“That’s what Uncle Dick told us and what we have found out,” said Rob. “We couldn’t get any idea of that country at all, and had to find it out for ourselves.”
“I’ll tell you what I’ll do, sir,” said John. “When I get back home and into Uncle Dick’s engineering office I’ll make you a tracing of my map, and you can have it for your very own. I shall be very glad to do that.”
“And if you will I shall be very much in your debt, my young friend,” said the archdeacon. “That will be fine, and I shall value it. I fancy that many a Klondiker who was cast away in the winter-time in that wild country would have been glad to have had such assistance as this. But not even Harper or McQueston or any of the other early explorers on the Peace and the Liard and the Mackenzie and the Peel and the Rat and all these rivers running into the Yukon which have been so famous for their gold—not one of these men, I will say, could ever make an exact map of the country he had crossed. As for the traders—well, you know that yourself. They don’t want new-comers, and they don’t help them any too much.” He sighed, spreading out his hands with but partial resignation.

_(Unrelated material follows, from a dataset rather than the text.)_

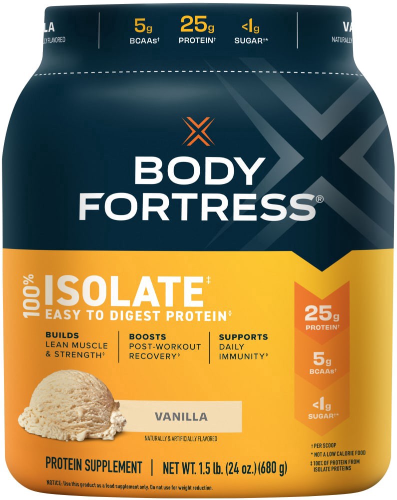 Body Fortress Super Advanced Isolate Protein is a blend of Whey, Soy, and Milk Protein Isolates with reduced amounts of unwanted fat and carbs. For adults, mix one (1) scoop to 6-8 ounces or two (2) s…

“It is a hard fight which the Church wages with the fur trade in the North. We are antagonistic, although we live side by side, both Anglican and Catholic missions, almost in the dooryard of the Hudson’s Bay Company and Revillons and all the smaller fry of independents which are pushing in now. But we do our best.

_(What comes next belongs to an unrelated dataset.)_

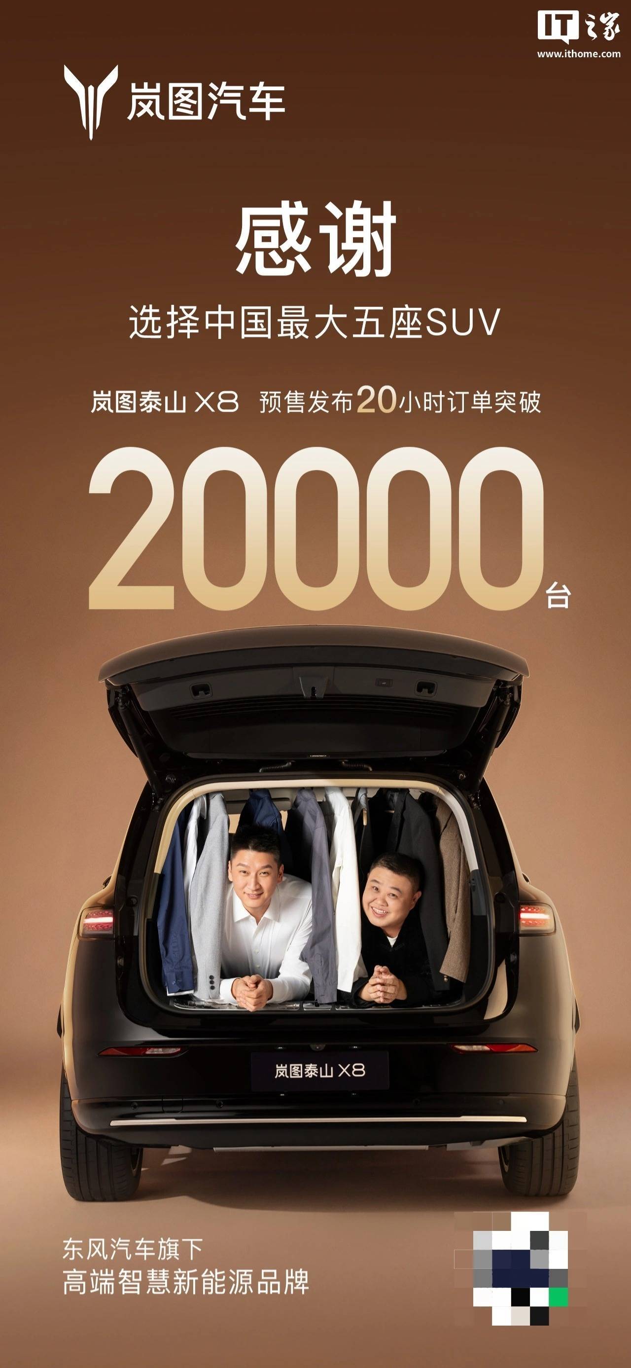 4 月 23 日消息,岚图汽车科技股份有限公司董事长卢放刚刚宣布,今天中午,岚图泰山 X8 预售订单正式突破 2 万台。

“Now, then, young sir,” he resumed, turning to Rob, “I have no doubt that your notes are as good as this young man’s map. I hope you will keep up your diary just as I have done in much of my exploration work in Alaska and the Northwest Territory. These things are invaluable in later life.”
Rob thanked his host very much, and promised to do as he advised. Therefore, what he found of interest at this, the first considerable American settlement they met on the Yukon, should prove worth setting down in his own words.